MATERIAL PROVIDED:
= Beginning of Section =

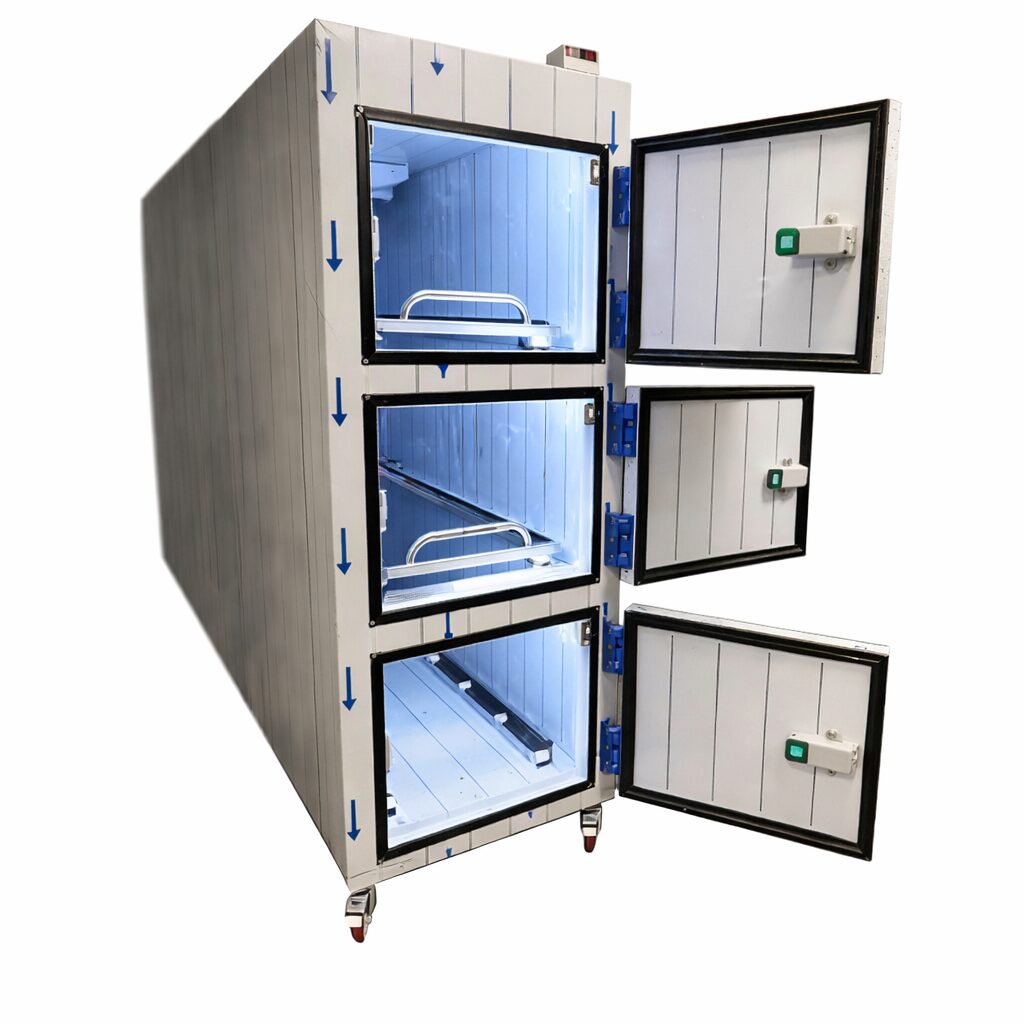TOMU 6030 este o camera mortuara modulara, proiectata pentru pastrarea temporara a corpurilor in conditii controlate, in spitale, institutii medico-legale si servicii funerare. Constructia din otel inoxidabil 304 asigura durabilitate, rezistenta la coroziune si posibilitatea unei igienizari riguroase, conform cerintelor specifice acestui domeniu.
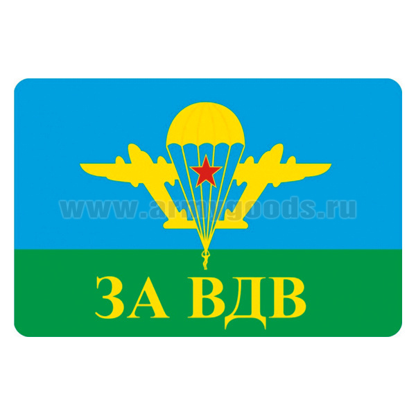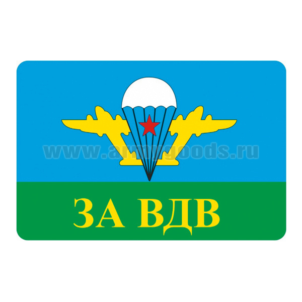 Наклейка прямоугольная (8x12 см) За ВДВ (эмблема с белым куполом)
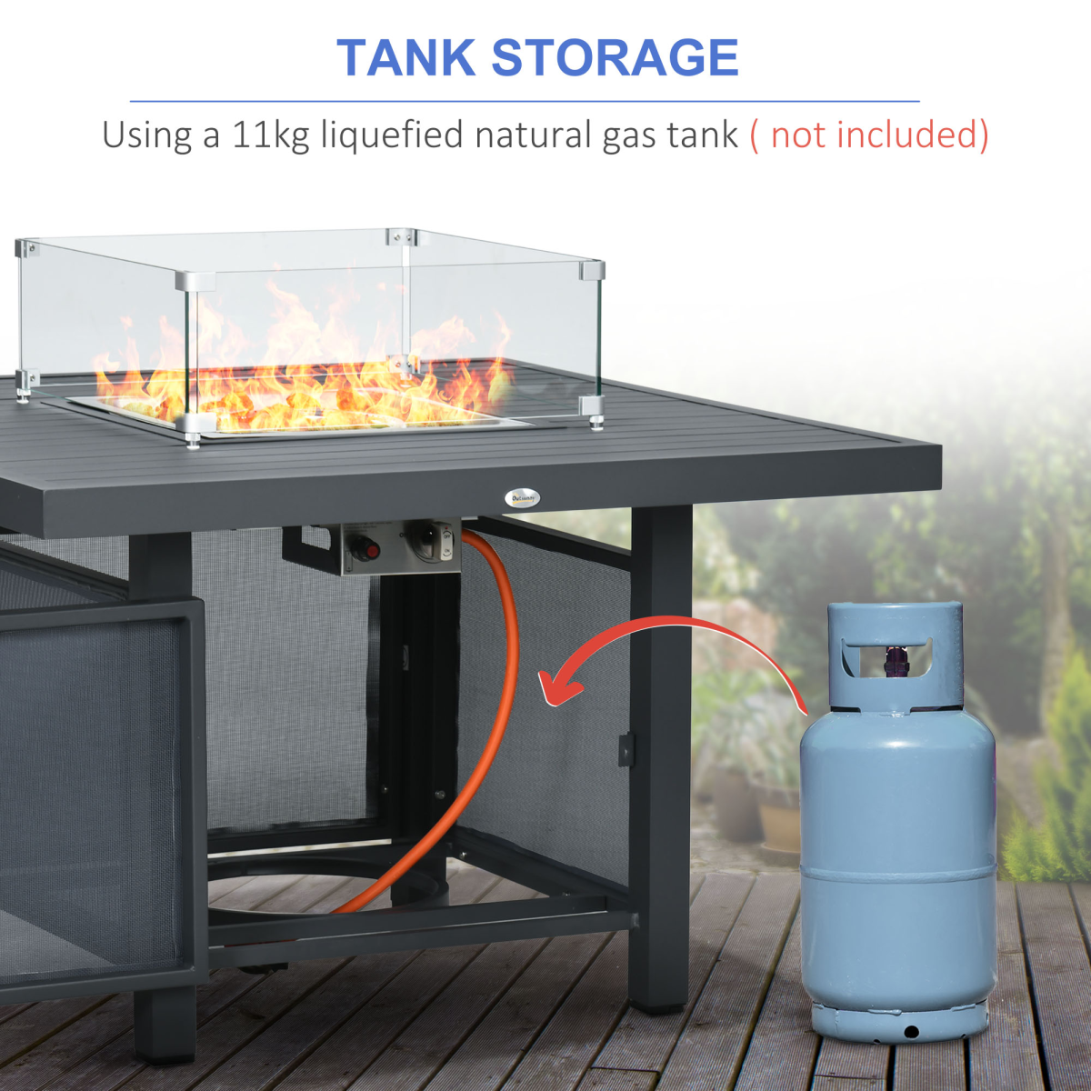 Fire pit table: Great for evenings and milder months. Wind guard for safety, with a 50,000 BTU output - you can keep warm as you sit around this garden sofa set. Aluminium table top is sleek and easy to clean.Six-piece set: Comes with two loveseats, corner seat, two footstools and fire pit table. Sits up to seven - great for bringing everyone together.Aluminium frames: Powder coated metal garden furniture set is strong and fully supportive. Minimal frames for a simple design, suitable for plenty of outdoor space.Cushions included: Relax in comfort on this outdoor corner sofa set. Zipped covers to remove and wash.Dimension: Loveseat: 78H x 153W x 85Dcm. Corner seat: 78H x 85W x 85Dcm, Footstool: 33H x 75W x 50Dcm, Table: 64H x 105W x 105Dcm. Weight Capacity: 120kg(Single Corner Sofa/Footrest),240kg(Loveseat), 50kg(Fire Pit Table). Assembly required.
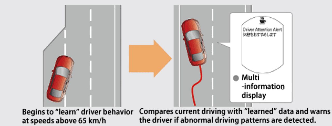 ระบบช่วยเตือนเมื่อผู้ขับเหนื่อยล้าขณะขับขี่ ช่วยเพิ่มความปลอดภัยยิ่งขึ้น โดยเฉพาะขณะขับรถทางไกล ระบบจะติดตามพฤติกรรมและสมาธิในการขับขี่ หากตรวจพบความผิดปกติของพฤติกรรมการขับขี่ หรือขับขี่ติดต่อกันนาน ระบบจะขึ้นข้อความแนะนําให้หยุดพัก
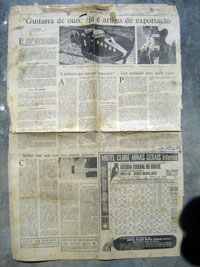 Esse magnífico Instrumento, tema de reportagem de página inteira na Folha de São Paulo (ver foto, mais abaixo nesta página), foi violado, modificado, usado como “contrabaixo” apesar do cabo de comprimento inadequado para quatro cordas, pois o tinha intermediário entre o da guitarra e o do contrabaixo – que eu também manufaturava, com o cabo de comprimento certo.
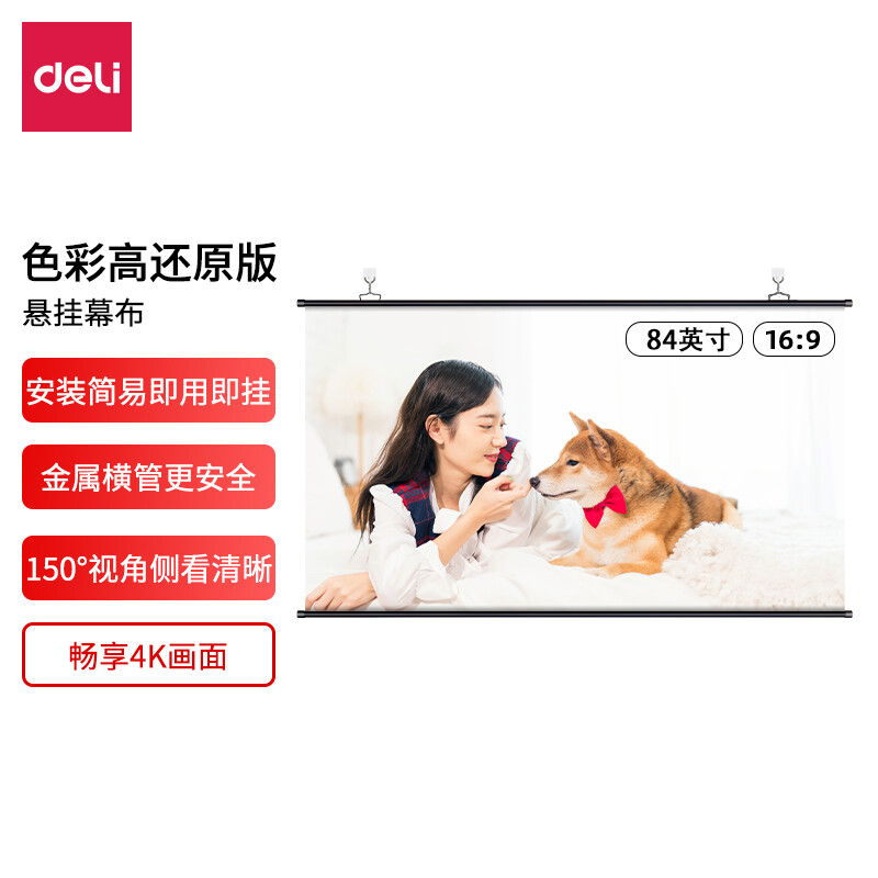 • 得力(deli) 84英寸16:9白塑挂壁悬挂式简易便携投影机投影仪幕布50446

= End of Section =
= Beginning of Section =

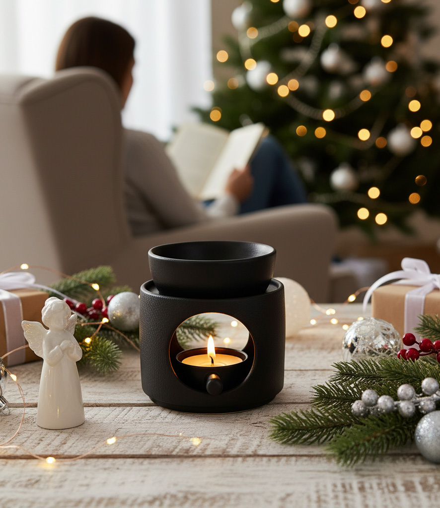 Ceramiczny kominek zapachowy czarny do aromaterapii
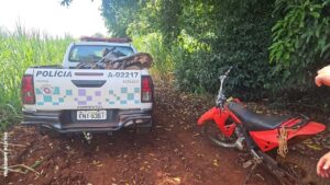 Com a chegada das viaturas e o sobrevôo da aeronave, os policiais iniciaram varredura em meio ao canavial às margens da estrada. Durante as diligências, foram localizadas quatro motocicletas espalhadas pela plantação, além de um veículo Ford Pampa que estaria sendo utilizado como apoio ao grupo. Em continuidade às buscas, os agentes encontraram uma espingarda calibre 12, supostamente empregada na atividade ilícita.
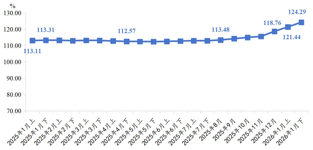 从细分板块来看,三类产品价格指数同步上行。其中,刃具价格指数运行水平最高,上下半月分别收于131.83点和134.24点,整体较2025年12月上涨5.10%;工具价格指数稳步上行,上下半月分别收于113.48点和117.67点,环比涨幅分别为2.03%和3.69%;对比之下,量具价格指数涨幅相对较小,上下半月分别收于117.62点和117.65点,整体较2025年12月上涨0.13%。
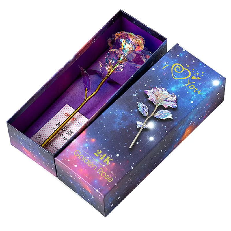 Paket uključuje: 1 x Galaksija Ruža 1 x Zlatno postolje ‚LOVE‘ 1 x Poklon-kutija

= End of Section =

TASK REQUIREMENTS: Above are some entries. Restate word for word the lines from the one holding "TOMU 6030 este" through the one holding "Наклейка прямоугольная (8x12", but not the pictures.

THE COMPLETED TASK:
TOMU 6030 este o camera mortuara modulara, proiectata pentru pastrarea temporara a corpurilor in conditii controlate, in spitale, institutii medico-legale si servicii funerare. Constructia din otel inoxidabil 304 asigura durabilitate, rezistenta la coroziune si posibilitatea unei igienizari riguroase, conform cerintelor specifice acestui domeniu.
 Наклейка прямоугольная (8x12 см) За ВДВ (эмблема с белым куполом)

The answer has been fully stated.